AGNuke said:
K.E. of photoelectron = (KE of incident photon) - (Work Function of Metal).
Let's use this equation and say that this is the starting point.
AGNuke said:
Since you doubled the energy of incident photon, it will no doubt increase the KE of photoelectron
Now, you have doubled the incident photon's energy, which is one term on the right side. However, the second term, the work function, is still the same. This is the crux of the problem.
K.E. of photoelectron 1 = (KE of incident photon 1) - (Work Function of Metal).
K.E. of photoelectron 2 = (KE of incident photon 2) - (Work Function of Metal).
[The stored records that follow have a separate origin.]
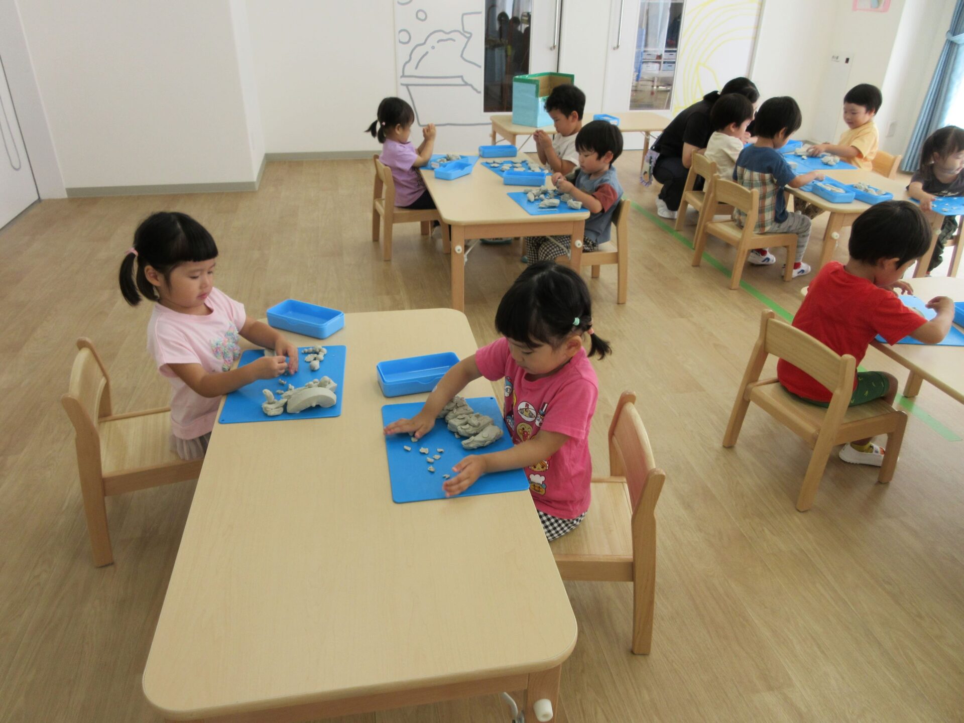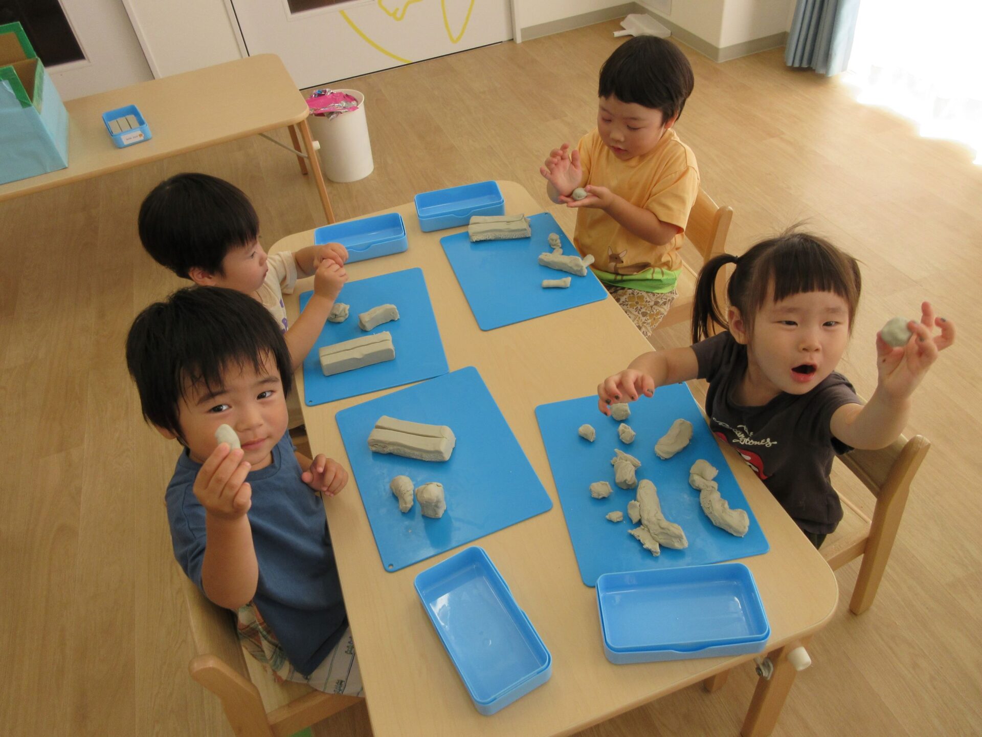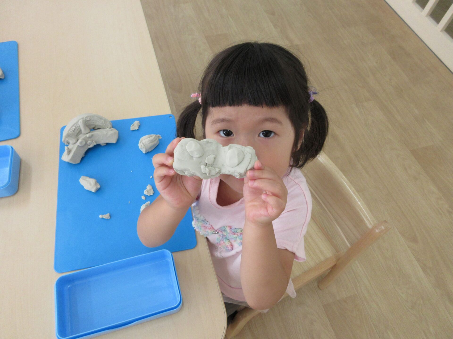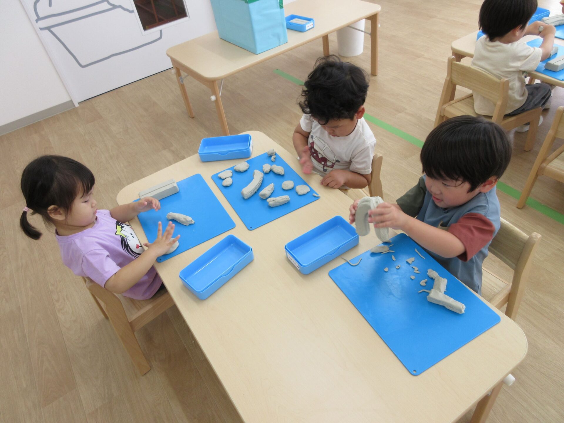 2024.06.24 お知らせ ブログ 粘土遊び(にじ組) 6月21日(金)、今日は3歳にじ組が、ランチルームで粘土遊びをしました。 初めての粘土遊びに、みんなワクワクです。 顔ができましたよ。 重ねてみたり、丸めてみたり、並べてみたりして楽しんでいます。 ケーキかな?オニかな? のばしたり、ちぎったり並べたり、いろいろ楽しいね。 さまざまな形に変化していく粘土に興味津々でした。また、しようね! 一覧へ戻る
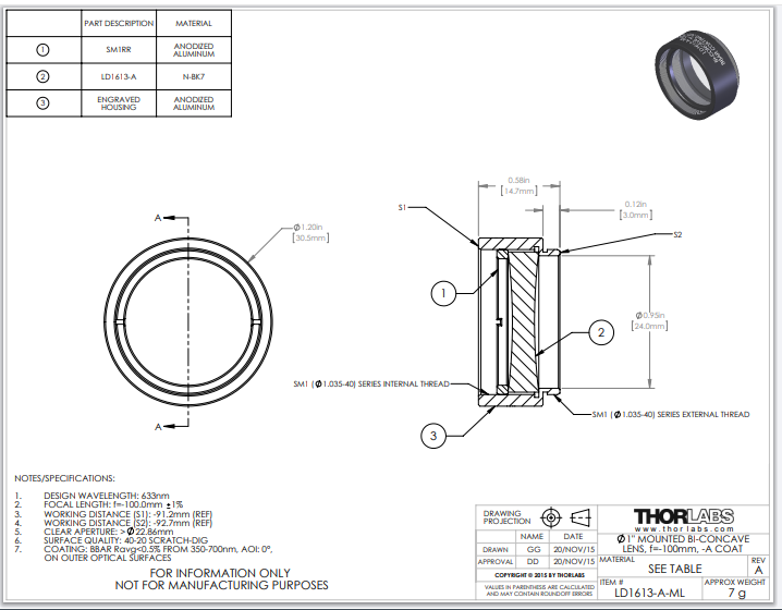 Thorlabs索雷博 LD1613-A-ML 双凹透镜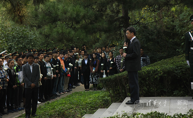 敬献花圈后,学生代表、校学生会主席唐诗童做了发言,她在发言中谈道,当每一个人选择事业,完成梦想,试探着去走出人生的每一步时,都应常想起,这些当民族遇到危难,当国家有需要,愿意站在风口浪尖去闯、去实现,去投身于时代的潮流、去引领未来的方向,甚至是甘于为此奉献出自己生命的祖国儿女们。他们是我们一生的榜样。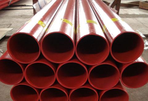 内外涂塑钢管,内外涂塑钢管是在钢管内壁融溶一层厚度为 0.5 ~ 1.0mm 的聚乙烯(PE )树脂、乙烯-丙烯酸共聚物(EAA)、环氧(EP)粉末、无毒聚丙烯( PP )或无毒聚氯乙烯(PVC)等有机物而构成的钢塑复合型管材,它不但具有钢管的高强度、易连接、耐水流冲击等优点,还克服了钢管遇水易腐蚀、污染、结垢及塑料管强度不高、消防性能差等缺点,设计寿命可达50 年。主要缺点是安装时不得进行弯曲,热加工和电焊切割等作业时,切割面应使用生产厂家配有的无毒常温固化胶涂刷,对损伤部位进行修补。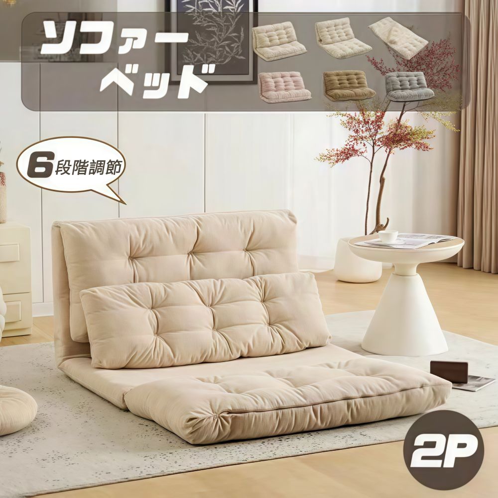 ソファーベッド 二人用 折畳み 6段階調節 可愛い マルチに使える フロアソファ リクライニング 座椅子 1人掛け 2人掛け 折りたたみ コンパクト フロアソファ ロ

Now, rewriting this energy in terms of the energy of incident photon,
K.E. of photoelectron 2 = 2*(KE of incident photon 1) - (Work Function of Metal).
Difference of the two energies = KE of incident photon 1
Question: How did I get this relation? Simple enough, but just saves me some typing
So, the energy of the second photoelectron EXCEEDS that of the earlier one by a magnitude equal to the KE of incident photon 1.
BUT, KE of incident Photon 1 is MORE than the KE of photoelectron 1 (by first equation.)
So, yes, answer is more than twice of the initial photoelectron.
Intuition
Think of the problem this way - You have to hire a plumber. You have to pay for the services and his transportation cost. BUT, if your neighbor decides to have the plumbing done too, the two of you will not pay the transportation cost twice.
So, effectively, the cost per person is LESS than that if only one person would have asked for plumber.
It's really a fixed cost, variable cost problem which we learned in our linear equation days.
Likewise, the work function has to be paid off only once, for the electron to surface. It has got nothing to do with the incident energy of the photon.